IAR offers Hope for Children with Autism Spectrum Disorders

February 1, 2013


For the children, Summer Max is a camp where they play games and participate in activities. For Marcus L. Thomeer, PhD and Christopher Lopata, PsyD, co-founders of the Institute for Autism Research at Canisius College in Buffalo, it’s a treatment program for children with high-functioning autism spectrum disorders (HFASDs).  But for the parents, Summer Max is a one-of-a-kind program tailored to meet their children’s needs. 

Children with HFASDs endure lifelong impairments involving social and social-communicative functioning, narrow interests and obsessive routines.  The Summer Max Program addresses social skills, non-literal language skills, emotion recognition skills and interest expansion.  Explains Lopata, “Children with HFASDs lack basis social skills and struggle to interpret non-verbal cues or read emotions in facial expressions.  Their narrow interests and obsessive behaviors also contribute to their social isolation.  Together, these features represent significant barriers to the long-term functioning of these children.”

Despite their significant needs, few comprehensive programs have been developed and validated for children with HFASDs.  “The Summer Max Program is the first comprehensive treatment specifically for children with HFASDs to be proven effective in two randomized clinical trials,” says Thomeer.  These two trials have shown that the five-week summer program for children ages 7 – 12, with HFASDs, is highly effective.
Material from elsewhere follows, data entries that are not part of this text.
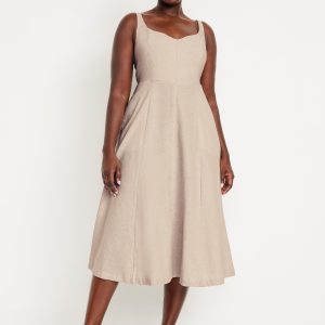 Fit & Flare Sleeveless Linen-Blend Midi Dress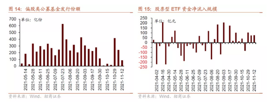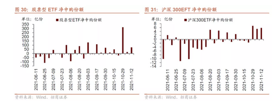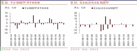 11月8日-11月12日,ETF净申购,当周净申购73.8亿份,宽指ETF申赎参半,其中上证50ETF申购较多,双创50ETF赎回较多;行业ETF申赎参半,其中医药ETF申购较多,军工ETF赎回较多。具体的,沪深300ETF净申购5.8亿份;创业板ETF净赎回3.3亿份;中证500ETF净赎回2.4亿份;上证50ETF净申购6.8亿份。双创50ETF净赎回5.0亿份。行业方面,信息技术ETF净赎回14.5亿份;消费ETF净申购15.4亿份;医药ETF净申购20.3亿份;券商ETF净赎回9.5亿份;金融地产ETF净申购8.2亿份;军工ETF净赎回19.6亿份;原材料ETF净申购0.1亿份;新能源&智能汽车ETF净申购4.5亿份。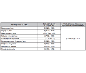 Актуальність. Бактеріальний кератит (БК) є поширеним і небезпечним інфекційним ураженням ока, що загрожує зоровій функції. Цукровий діабет (ЦД) 2-го типу збільшує ризик розвитку БК, що підтверджується зростанням частоти інфекцій очей у хворих на ЦД. В умовах воєнного стану в Україні доступ до своєчасної офтальмологічної допомоги обмежений, що погіршує клінічний перебіг та ускладнює лікування БК у пацієнтів із ЦД 2-го типу. Сучасні методи, зокрема оптична когерентна томографія (ОКТ), дадуть змогу оцінити морфофункціональний стан рогівки й динаміку лікування. Мета: дослідити особливості етіологічних чинників, клінічного перебігу та частоти ускладнень бактеріального кератиту у пацієнтів із цукровим діабетом 2-го типу в умовах воєнного стану в Україні. Матеріали та методи. Під спостереженням перебували 57 пацієнтів (57 очей) з бактеріальним кератитом та ЦД 2-го типу. Аналізували етіологію, клінічні особливості, гостроту зору, показники ОКТ рогівки на момент звернення та в динаміці до 3 місяців. Статистичний аналіз виконували із застосуванням методів ANOVA, χ² та інших тестів із рівнем значущості p < 0,05. Результати. Найчастішими етіологічними чинниками були порушення режиму носіння контактних лінз (28,07 %), травматичне ураження рогівки сторонніми тілами (22,81 %), синдром сухого ока (17,54 %) та хімічні ушкодження (10,53 %). Відмічено поступове значуще покращення гостроти зору: некоригована гострота зору збільшилась у 5 разів, максимально коригована гострота зору — у 4 рази (p < 0,001). За даними ОКТ, відбулося вірогідне зменшення товщини рогівки (на 22 %), строми (на 25 %), а також товщини, ширини і площі інфільтрату (на 86–91 %) протягом 3 місяців лікування (p < 0,001). Найпоширенішими ускладненнями були помутніння рогівки (17,54 %), васкуляризація (12,28 %) і передній увеїт (8,77 %). Висновки. У пацієнтів із ЦД 2-го типу бактеріальний кератит найчастіше асоціюється з носінням контактних лінз та травмами рогівки. Виявлено значне покращення зорових функцій та морфологічних показників рогівки під час лікування. Отримані дані підкреслюють важливість своєчасної діагностики та адекватної терапії БК у пацієнтів із ЦД 2-го типу, особливо в умовах обмеженого доступу до медичної допомоги.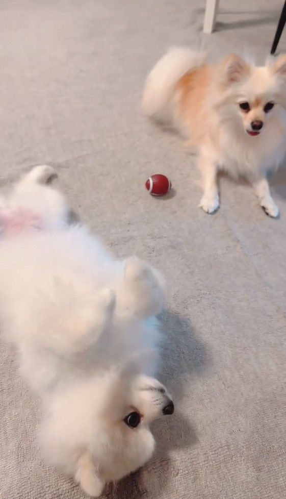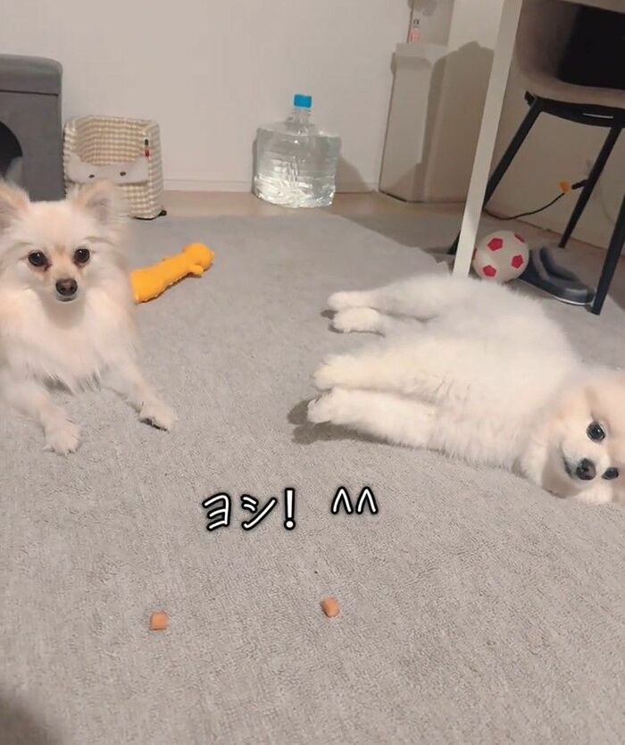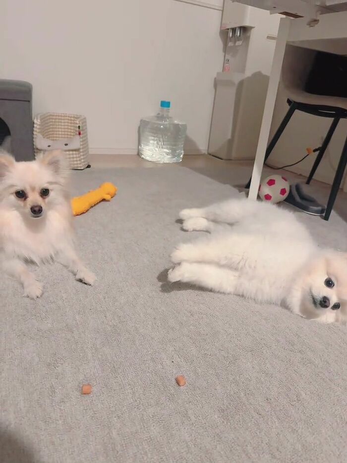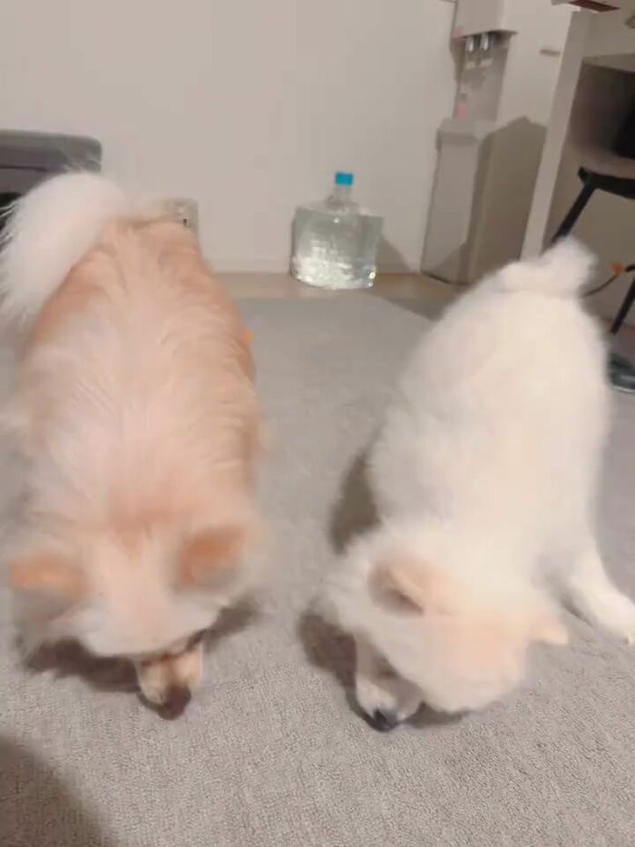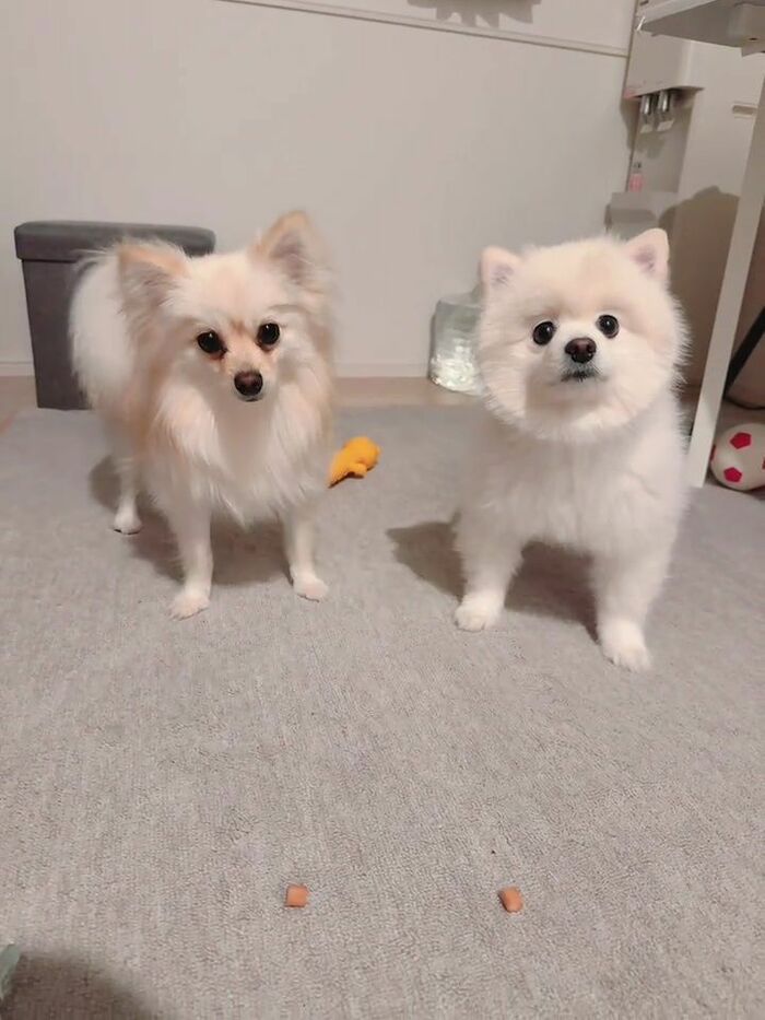 今回話題になったのは、投稿者である飼い主が「うちのワンコの伏せなんか違う」というコメントとともにTikTokに投稿した、2匹のポメラニアン「ウニ」くんと「ベア」くんの動画。

Children who participated in the Summer Max program showed significantly better social performance and knowledge of appropriate social behaviors compared to children who did not receive treatment.  They also received lower ratings of autism symptoms.  “The significant decrease in autism symptoms following treatment is noteworthy, as few treatments have been able to reduce these long-term impediments to daily functioning,” says Lopata.

According to Dawn Helms, her son, Nathan, spends more time with the family and less time playing alone in his room since completing the program.  “Nathan is more confident and makes more eye contact with us when he is communicating,” adds Helms. “He now can participate in a conversation rather than just recite facts about subjects that interest him.”

Rene Marciniak’s daughter, Corinne recently completed her second year in the Summer Max Program.  “Before participating in the program, Corinne would avoid social situations and wouldn’t interact with other children,” says Marciniak. “Now, I see changes in her socialization.  She is aware that she needs to put forth an effort to make friends and interact with them.”

School teachers have also noticed the difference.  “Corinne’s teacher noted that she has more confidence and has reached out to students she normally wouldn’t try to communicate with to get a friendship or dialogue started,” says Marciniak.  “It is so great to see her socializing and having the confidence to do so.”

Weekly parent meetings are an integral part of the Summer Max Program. The parents keep abreast of what their children are learning and receive instruction as to how to teach and reinforce these skills at home.  “I believe the success of the program is due in large part to the fact that we are all on the same page,” adds Helms. 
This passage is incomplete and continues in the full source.